The final pathologic findings included a tumor measuring 3 mm× 3 mm × 3 mm in size as well as atypical epithelial cells in the rectal submucosa and rectal muscle, but with tumor-free margins. HE staining confirmed a rectal NET, having a tumor stage of G2. Several mitotic figures and necrotic images were observed in the pathologic sections. IHC indicated that the tumor cells were positive for neuroendocrine markers, including Syn, somatostafin receptor 2(SSTR2), and insulinoma-associated protein1(INSM1), and with an approximately 8% Ki67 expression, but were negative for CgA and CDx2 (Figure 2). After surgery, the patient underwent delayed positron emission tomography-computed tomography (PET-CT) examination, wherein the tumor was then staged as T1aN0M0, phase I, with no distant metastases. Therefore, surgery alone was sufficient enough to cure the cancer without the need for subsequent adjuvant therapies. Over the 6-month follow-up period post-surgery, the patient did not experience any anal dysfunction or evidence of tumor recurrence.

Figure 2

Figure 2. Imaging and histopathology of the biopsy specimen of the second case. (A): Colonoscopy. (B): Intra-operative photographs. (C): Operative specimen. (D, E): Histopathology of the mass (magnifications,×40, ×200, scale bar of 100 μm). (F): PET-CT. (G–I): IHC showing Syn (G), CgA (H), and Ki-67 (I), scale bar of 100 μm.

The third case

A 74-year-old male was admitted with anal and rectal lumps for 1 month, worsening over 3 days without hematochezia. The patient was initially diagnosed with rectal polyps. Family history for colorectal cancer was negative. Recurrent episodes of anal fistulas were present in the three patients, all of whom had a prior history of anal fistula surgery. However, this patient had no history of surgery nor trauma.

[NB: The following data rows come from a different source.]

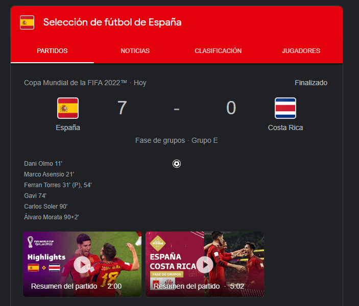 ESPAÑA CONTRA COSTA RICA: RESULTADO FINAL
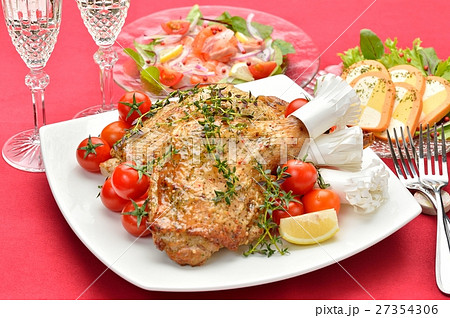クリスマスディナー、クリスマス料理のイメージ。ローストチキン(バジル味)、鯛とサーモンのカルパッチョ
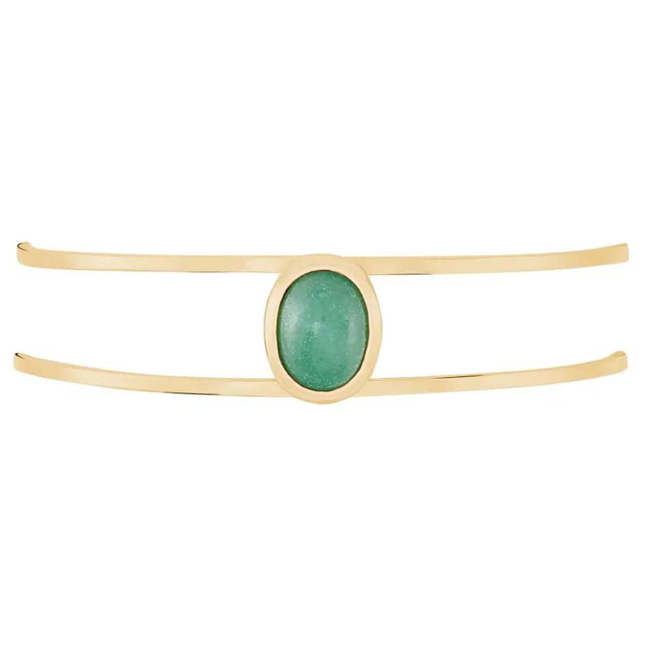 Bracelet Jonc Plaqué Or Jaune Ouvert Avec Aventurine Ovale Verte Serti Clos Diametre 58mm
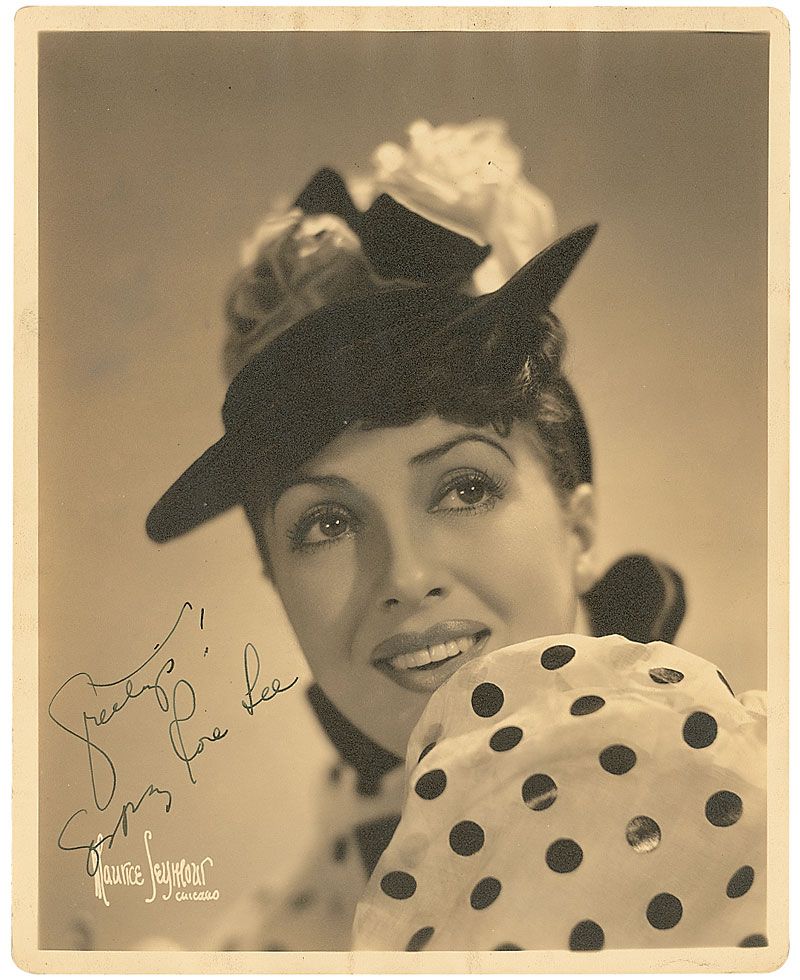 Vintage matte-finish 8 x 10 portrait of Lee by Maurice Seymour, signed in fountain pen, “Greetings! Gypsy Rose Lee.” In very good condition, with some wear to corner tips, moderate rippling to edges, and light silvering to dark areas of the image.
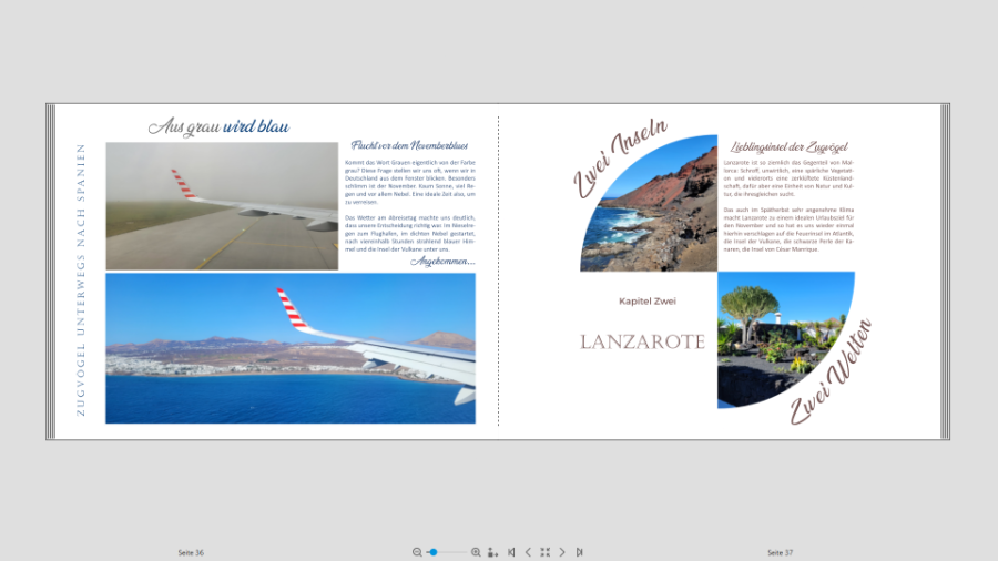 Re: Übergang zwischen zwei Reisezielen gestaltenich habe versucht, Eure Anregungen umzusetzen und bin zufrieden. Lediglich mit der Schriftart bei Mallorca auf dem Cover und dem doppelten L (Schriftart Corbel) kämpfe ich noch. Die Abstände etc muss ich noch anpassen. Der Übergang nach Lanzarote soll für mich so bleiben, auch wenn die beiden Fotos links nicht die hohe Kunst der Fotografie sind. Ich fand es witzig und auch das Wort Angekommen... am Schluss des Textes hat für unsbeiden Zugvögel eine Bedeutung, ist ein running gag... Re: Übergang zwischen zwei Reisezielen gestaltenHallo Kerstin
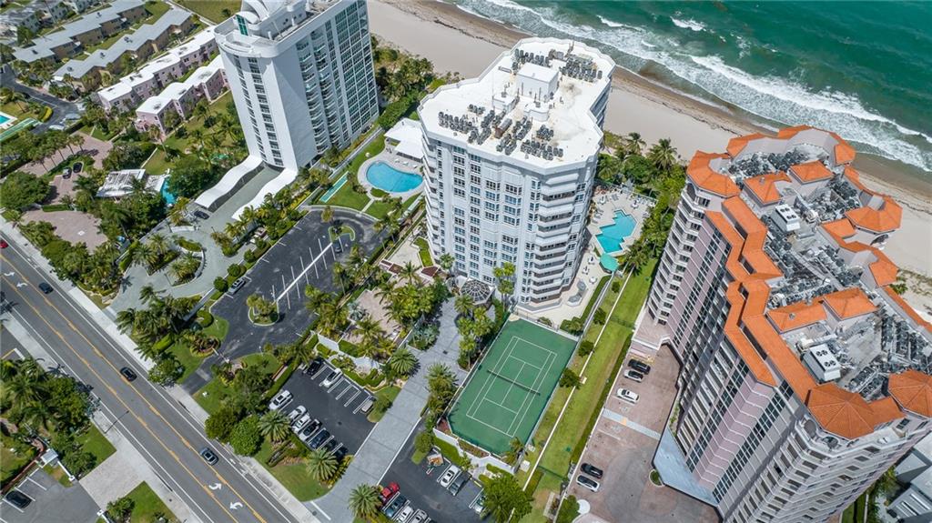 Meticulously kept ocean front condo unit with stunning water and city views. Comfortable layout with multiple living and entertaining areas. Split bedroom floorplan offering comfort and privacy. Oversized primary bedroom facing East with direct ocean views, en-suite bathroom and spacious closets. The two secondary bedrooms are situated on the opposite side overlooking the city where you can also enjoy beautiful sunsets from. Light and bright kitchen with pantry and access to secondary balcony for sparkly nightlights and warm sunset views. Well maintained, pet friendly building with one garage parking spot assigned. Updated common areas, pool, tennis court, gym and private beach to enjoy all that south Florida has to offer.
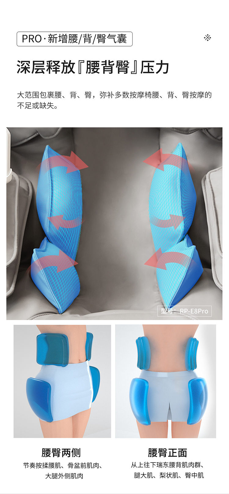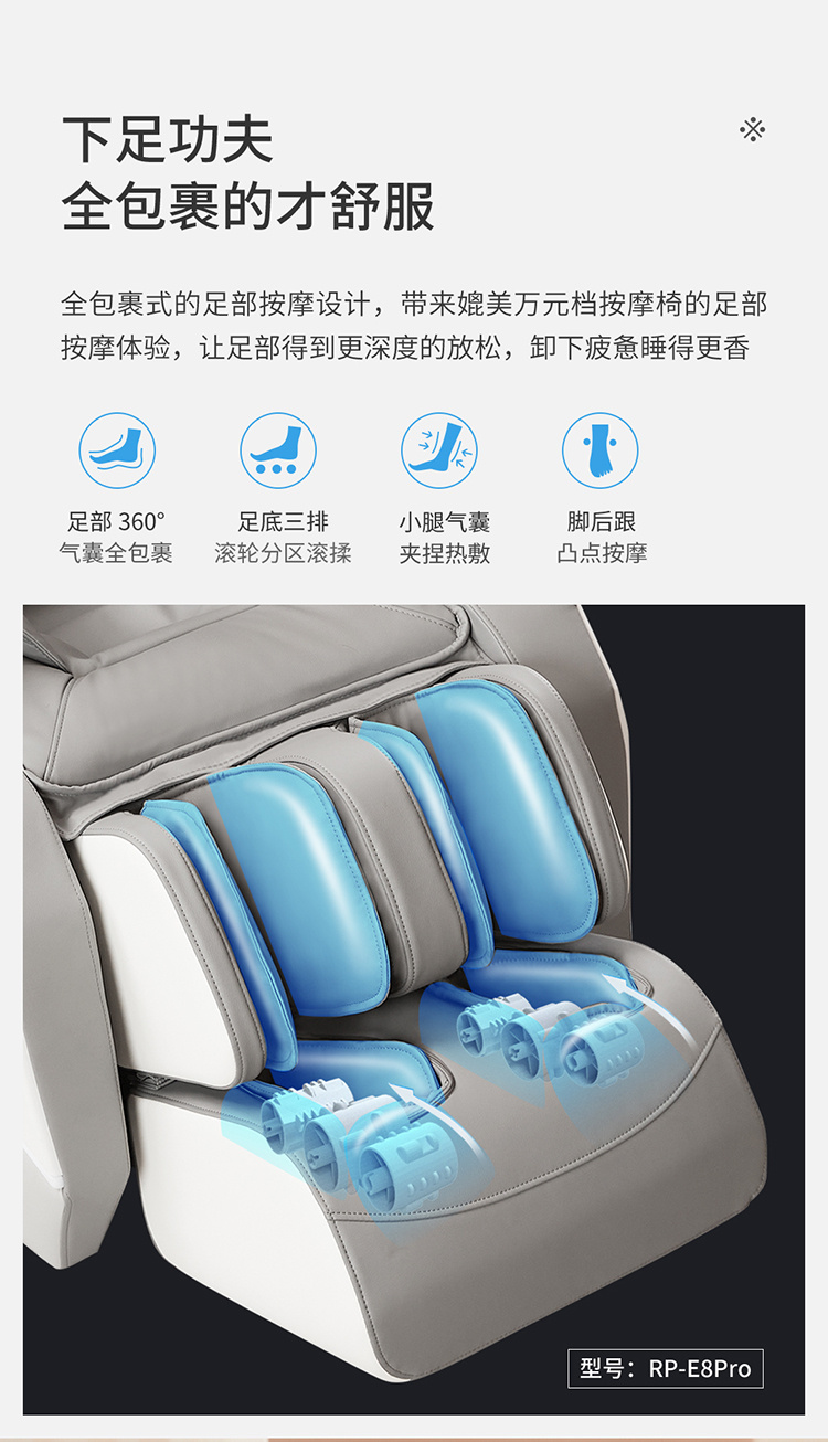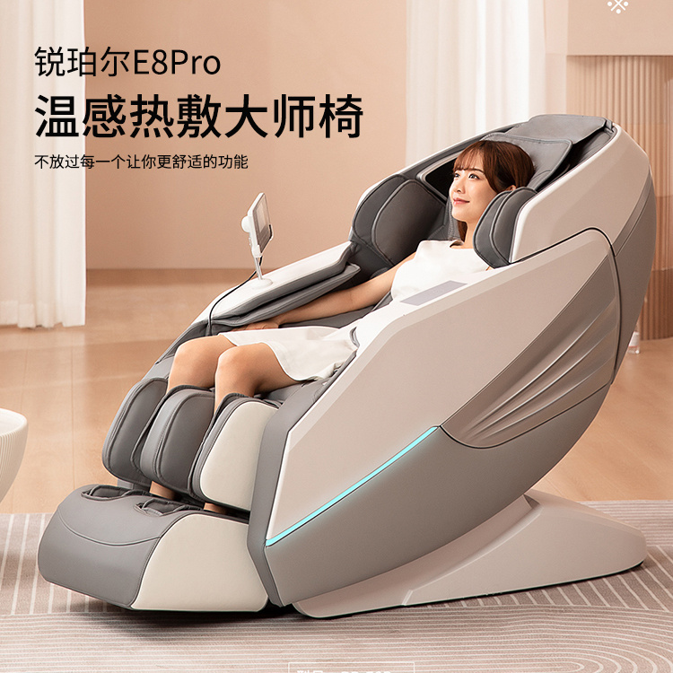 • 产品简介:锐珀尔新品按摩椅E8 Pro拥有温感养生系统,3D摆揉机械手,十大按摩手法,138cm超长SL按摩导轨,腿足一体按摩等功能,并且有无线充的一款新品按摩椅,价格不贵,重在享受。

Laboratory tests revealed a hemoglobin concentration of 128 g/L,WBC count of 10.70*10⁹/L, platelet count of 282 × 10⁹/L, and normal C-reactive protein levels. Hepatic, renal, and blood coagulation functions were also unremarkable. Standard serum tumor markers, AFP, CA19-9, CA72-4, CA50, and CA242 were also unremarkable. However, CEA (6.1 ng/mL) and NSE were elevated (25.30 ng/mL).

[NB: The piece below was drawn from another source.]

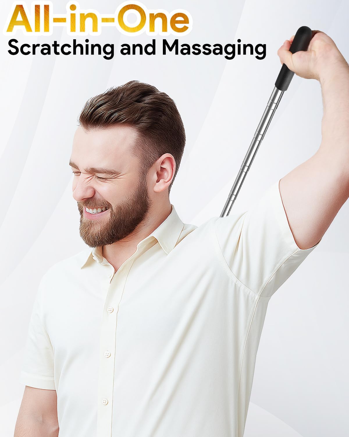 Telescoping Back Scratcher with 4 Detachable Heads – Adjustable Stainless Steel Gift for Men & Women
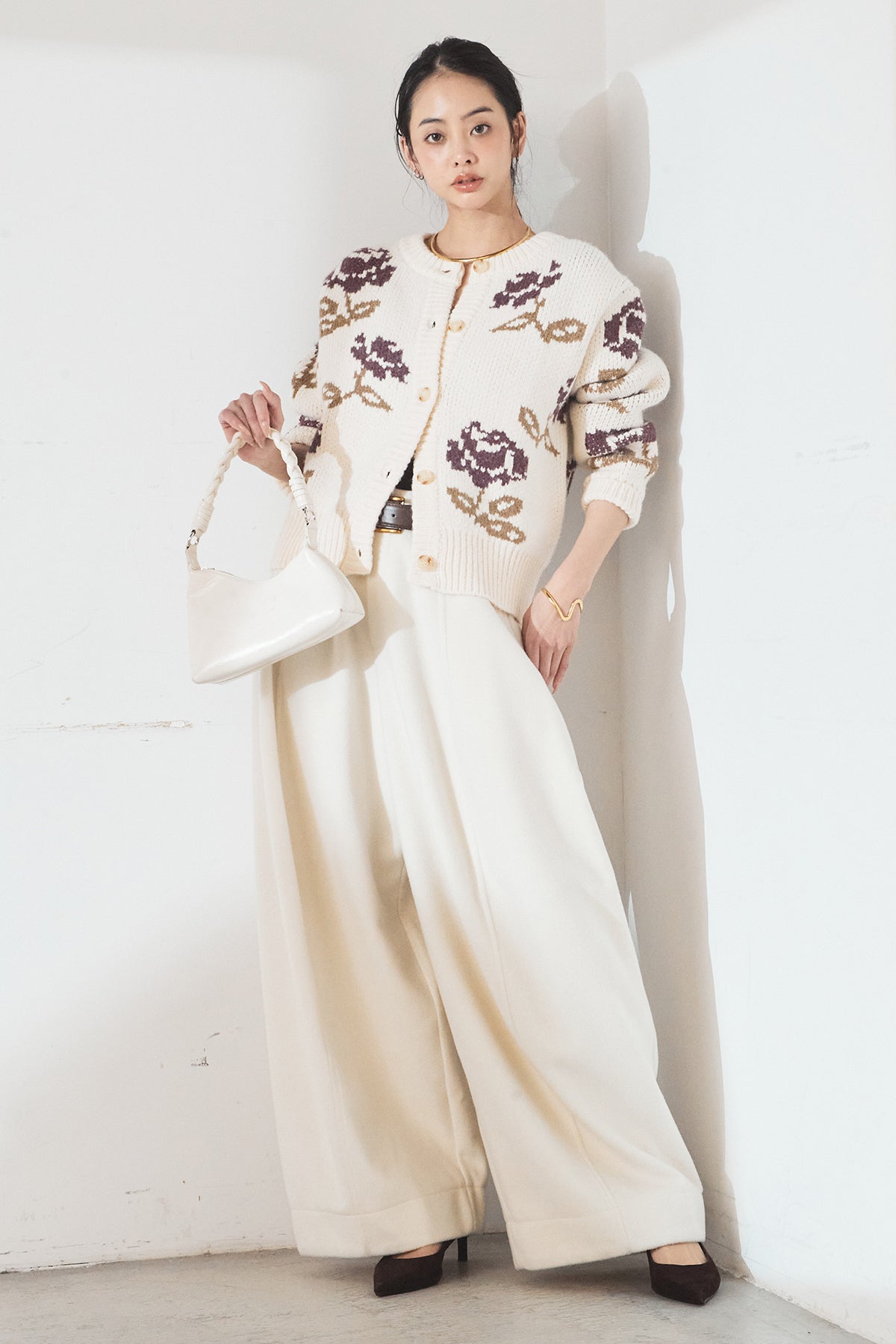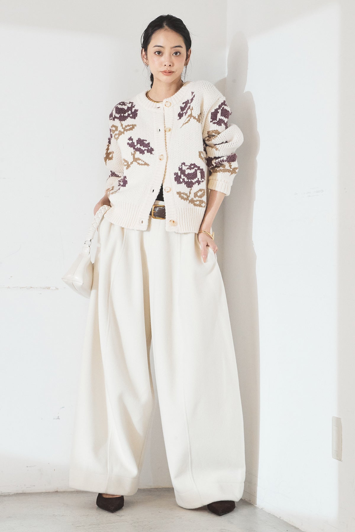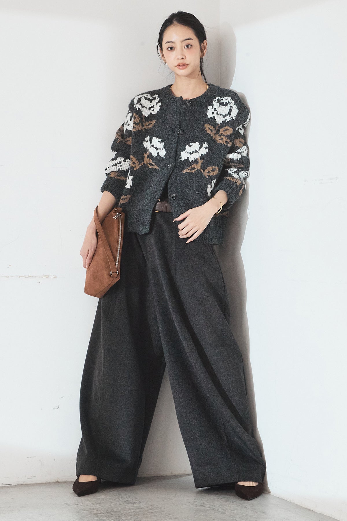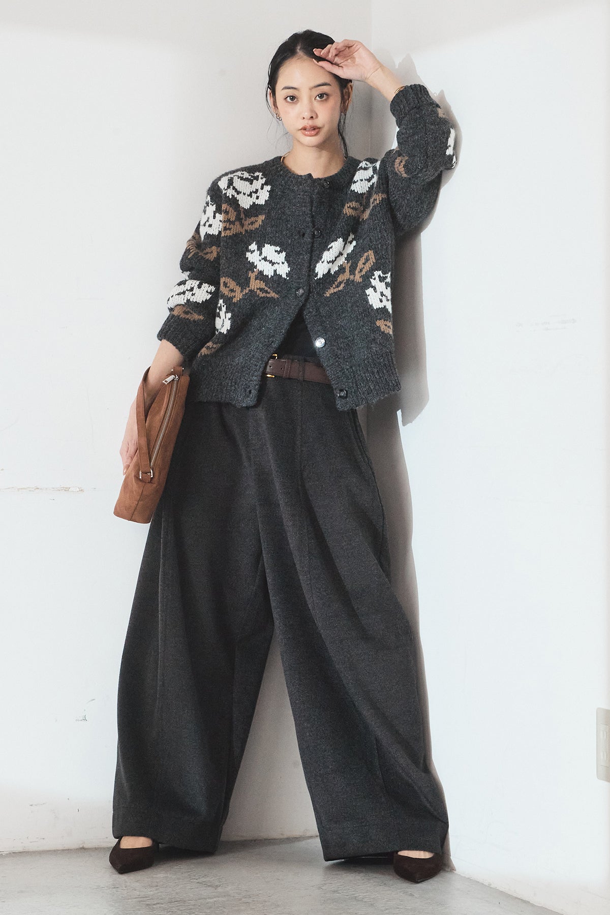 [SET]花柄ジャガードニットカーディガン+ウールタッチカーブワイドパンツ(2set)

After admission to our hospital, a series of surveys were performed, including colonoscopy, endoscopic ultrasonography, transrectal ultrasound, and perianal magnetic resonance imaging (MRI). Transrectal ultrasound showed a 26 × 11-mm, solid, hypoechoic lesion in the lower rectal segment. Endoscopic ultrasonography revealed a solid nodule at the right wall of the rectal mucosa with associated rectal muscularis propria thickening, for which endoscopic ultrasound-guided fine needle aspiration was performed as necessary. Iso-intense, perianal MRI showed a 95-mm oval tumor, located at the upside canal mucosa and about 3.5 cm from the anus, and a 2.2×1.5-cm irregular tumor, located at the right rectal mucosal wall and about 7-8 cm from the anus. The canal lesion showed iso-intense signals on T1- and T2-WI, while the rectal lesion showed a hypointense signal on T1WI and a slightly hyperintense one on T2WI. The lesions showed significantly low or inhomogeneous enhancement after perianal MRI reinforcement.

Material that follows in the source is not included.